__PROBLEM__
Since only the words are wanted, reproduce every entry exactly and leave the images behind.

__TASK INPUT__
----
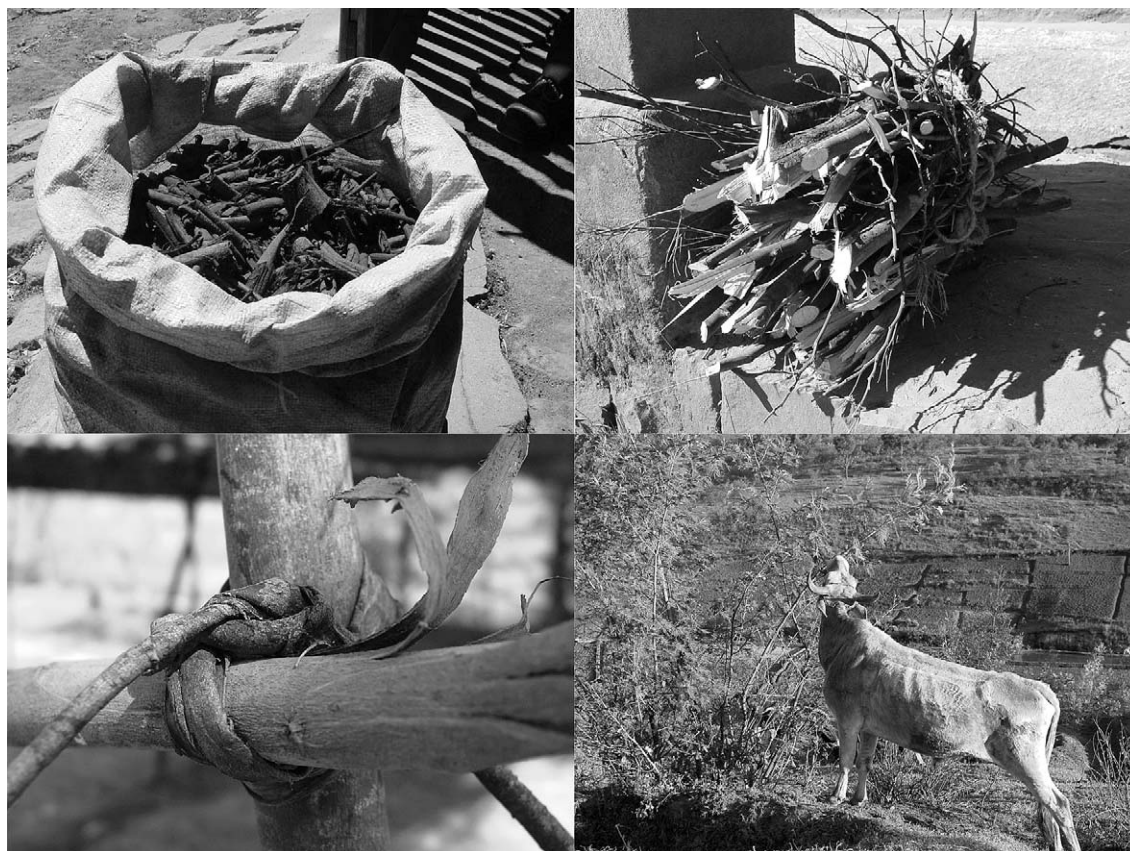
FIGURE 3 Uses of wattles. Clockwise: a sack of tanbark; a firewood bundle; use of leaves as cattle forage; use for posts and tying.

1971; de Neergaard et al 2005). As a result, wattles are self-reproducing multi-purpose shrubs utilized frequently by nearby farmers for a wide variety of purposes (Table 1; Figure 3).
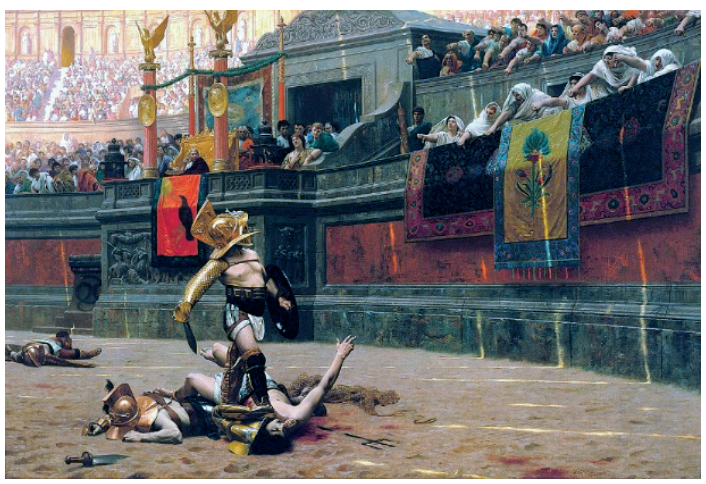
Picture 13. Jean-Léon Gérôme, "Turned Thumb" (Pollice Verso), Phoenix Art Museum
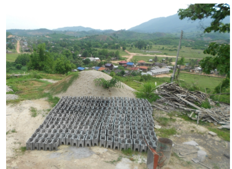
Water meter boxes ready to be installed in MeuangPa
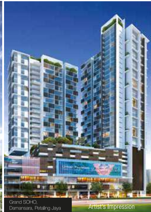
Grand SOHO, Damansara, Petaling Jaya
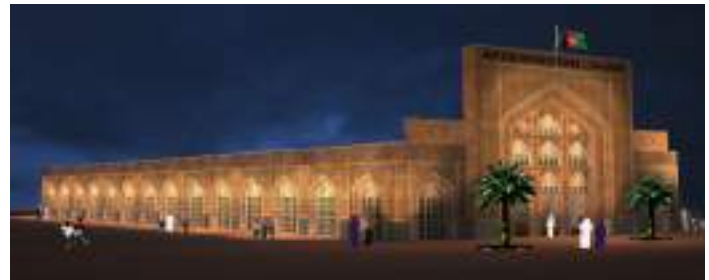
AFGHANISTAN PAVILION (PROPOSAL) | Global Village 2014
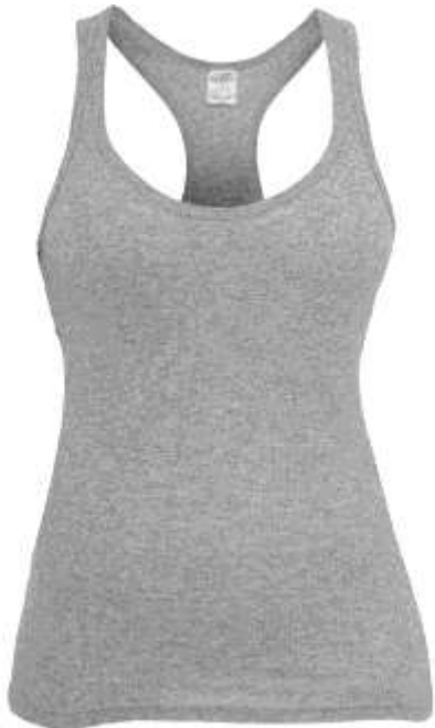
HDY 915-14 Yoga Vest Top with racer back

Fabric: Cotton Knit/ Organic Cotton/Bamboo lycra
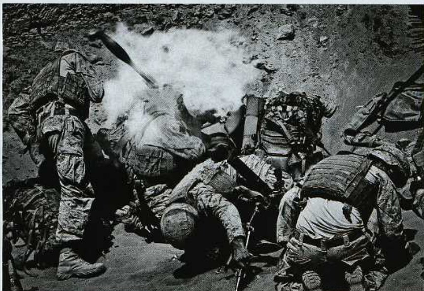
WHAT HAUNTS SOLDIERS' SOULS PAGE 40

'GOP heavyweights have reason to worry about what Chris Chocola thinks.'
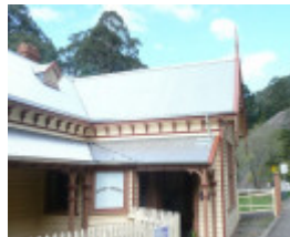
After Photograph - Reference F3834 2016
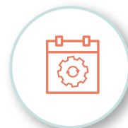
Fewer Routine Service Calls
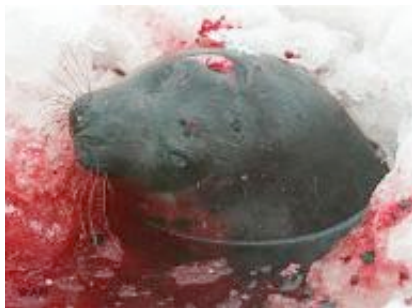
The first day of seal hunt season last year in Canada

Fishermen sell blubber for oil and the seal pelts, largely for the fashion industry, to European countries like Norway, Russia and China.
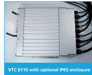
VTC 6110 with optional IP65 enclosure
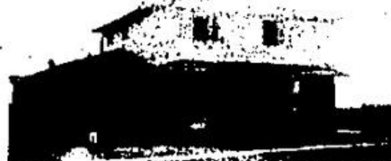
A Feeling of Space

Four bedrooms, main floor family room with walkout to covered patio, large lot, and convenient to schools and shopping. At this price you better hurry. Ask for Sandra.
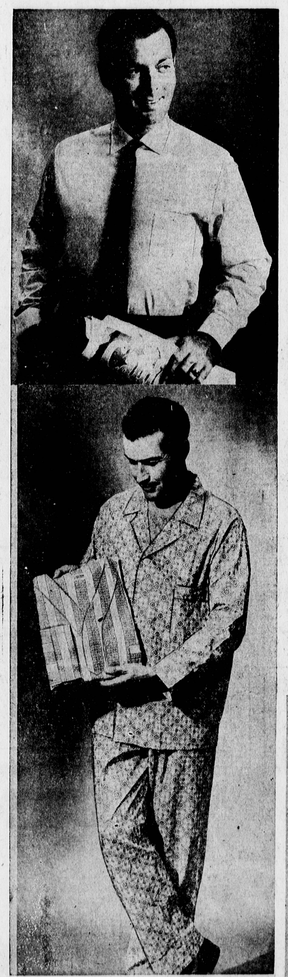
FAMOUS LABEL PAJAMAS
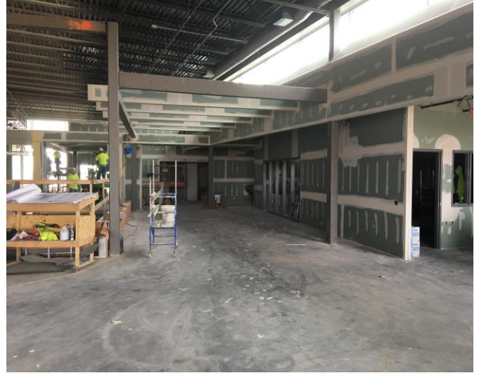
The drywallers finished up the art room and library area last week, and now it is getting taped and prepped for paint.
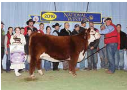
2016 NWSS Grand Champion Horned Hereford Heifer | Full Sister to Dam of Lot 39

The lone Hereford in this year's offering, but one thing that you can rest assured of is the quality of cow family and pedigree relevance that this beauty brings to the table! She is sired by the very popular T/R BPF American Classic 561C ET, a bull that has endured enormous success over the last two years via progeny dominance at the most competitive shows in North America. The dam side of her pedigree is stacked with just as much predictability. SULL TCC Diana 4068B is a full sister to countless National Champion females and a direct daughter of the National Champion TCC Ms Diana 01 that is sired by the $600,000 world-record selling C Miles McKee 2103 ET, the 2014 NWSS Supreme Champion Hereford.
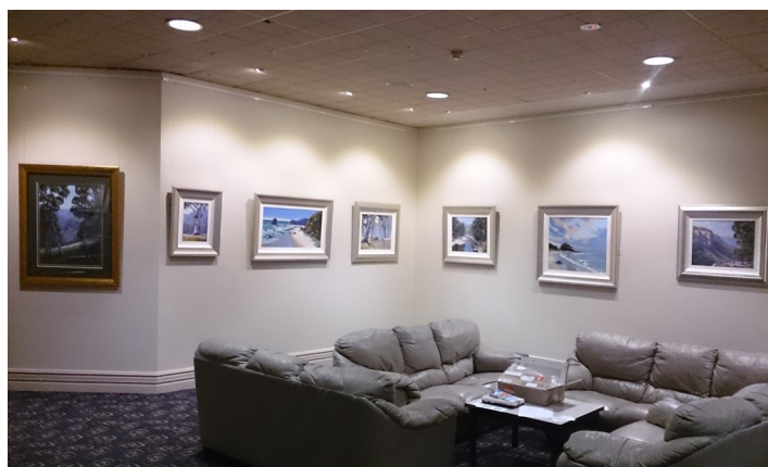
The Artists Corner @ Club Marconi
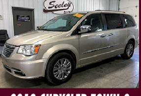
2013 CHRYSLER TOWN & COUNTRY TOURING-L FLEX FUEL, SIRIUS RADIO, STABILITY/TRACTION CONTROL, BLUETOOTH, 154K MILES $9,995
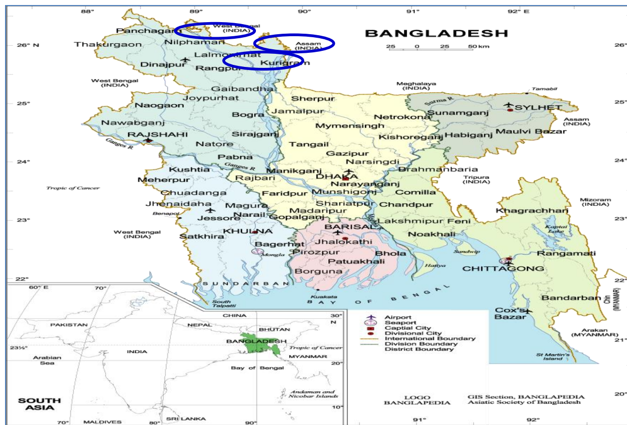
Figure -1. The Map of Bangladesh showing the study area.

A draft interview schedule was prepared in such a way that fulfill the objectives of the study. The draft schedule was pre-tested with 10 households in the selected unions. The schedule was then finalized after necessary correction, modification and adjustments. In this study, mainly economic and social empowerment of women were considered. Both empowerment were measured by structured questions i.e. respondents answered the questions within a given options related to empowerment.
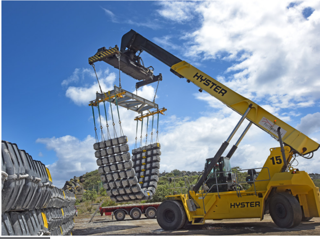
Hyster reach stacker
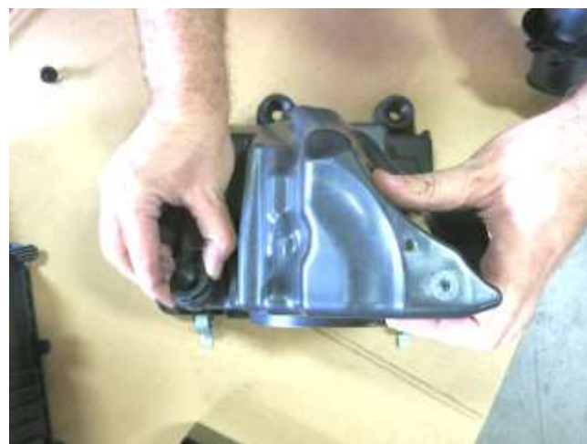
d. Remove the three rubber grommets from the factory air box and insert them into the AEM heat shield.
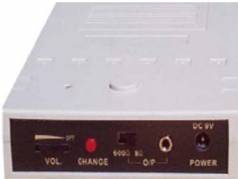
Compact Flash On Hold System

These are some examples of telephone on hold equipment options. Either of these options would suit your business depending on your current setup, budget, level of IT expertise within your organisation and intended message updating cycle.
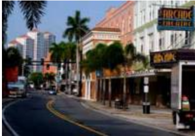
Historic Downtown Fort Myers

Drive a little farther north to visit the historic Fort Myers Downtown River District . You'll find interesting restaurants, art and craft galleries, and unique shops.
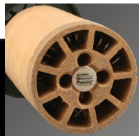
DuraTherm™ Heating Element
----
__RESULT OF THE EXERCISE__
FIGURE 3 Uses of wattles. Clockwise: a sack of tanbark; a firewood bundle; use of leaves as cattle forage; use for posts and tying.

1971; de Neergaard et al 2005). As a result, wattles are self-reproducing multi-purpose shrubs utilized frequently by nearby farmers for a wide variety of purposes (Table 1; Figure 3).
Picture 13. Jean-Léon Gérôme, "Turned Thumb" (Pollice Verso), Phoenix Art Museum
Water meter boxes ready to be installed in MeuangPa
Grand SOHO, Damansara, Petaling Jaya
AFGHANISTAN PAVILION (PROPOSAL) | Global Village 2014
HDY 915-14 Yoga Vest Top with racer back

Fabric: Cotton Knit/ Organic Cotton/Bamboo lycra
WHAT HAUNTS SOLDIERS' SOULS PAGE 40

'GOP heavyweights have reason to worry about what Chris Chocola thinks.'
After Photograph - Reference F3834 2016
Fewer Routine Service Calls
The first day of seal hunt season last year in Canada

Fishermen sell blubber for oil and the seal pelts, largely for the fashion industry, to European countries like Norway, Russia and China.
VTC 6110 with optional IP65 enclosure
A Feeling of Space

Four bedrooms, main floor family room with walkout to covered patio, large lot, and convenient to schools and shopping. At this price you better hurry. Ask for Sandra.
FAMOUS LABEL PAJAMAS
The drywallers finished up the art room and library area last week, and now it is getting taped and prepped for paint.
2016 NWSS Grand Champion Horned Hereford Heifer | Full Sister to Dam of Lot 39

The lone Hereford in this year's offering, but one thing that you can rest assured of is the quality of cow family and pedigree relevance that this beauty brings to the table! She is sired by the very popular T/R BPF American Classic 561C ET, a bull that has endured enormous success over the last two years via progeny dominance at the most competitive shows in North America. The dam side of her pedigree is stacked with just as much predictability. SULL TCC Diana 4068B is a full sister to countless National Champion females and a direct daughter of the National Champion TCC Ms Diana 01 that is sired by the $600,000 world-record selling C Miles McKee 2103 ET, the 2014 NWSS Supreme Champion Hereford.
The Artists Corner @ Club Marconi
2013 CHRYSLER TOWN & COUNTRY TOURING-L FLEX FUEL, SIRIUS RADIO, STABILITY/TRACTION CONTROL, BLUETOOTH, 154K MILES $9,995
Figure -1. The Map of Bangladesh showing the study area.

A draft interview schedule was prepared in such a way that fulfill the objectives of the study. The draft schedule was pre-tested with 10 households in the selected unions. The schedule was then finalized after necessary correction, modification and adjustments. In this study, mainly economic and social empowerment of women were considered. Both empowerment were measured by structured questions i.e. respondents answered the questions within a given options related to empowerment.
Hyster reach stacker
d. Remove the three rubber grommets from the factory air box and insert them into the AEM heat shield.
Compact Flash On Hold System

These are some examples of telephone on hold equipment options. Either of these options would suit your business depending on your current setup, budget, level of IT expertise within your organisation and intended message updating cycle.
Historic Downtown Fort Myers

Drive a little farther north to visit the historic Fort Myers Downtown River District . You'll find interesting restaurants, art and craft galleries, and unique shops.
DuraTherm™ Heating Element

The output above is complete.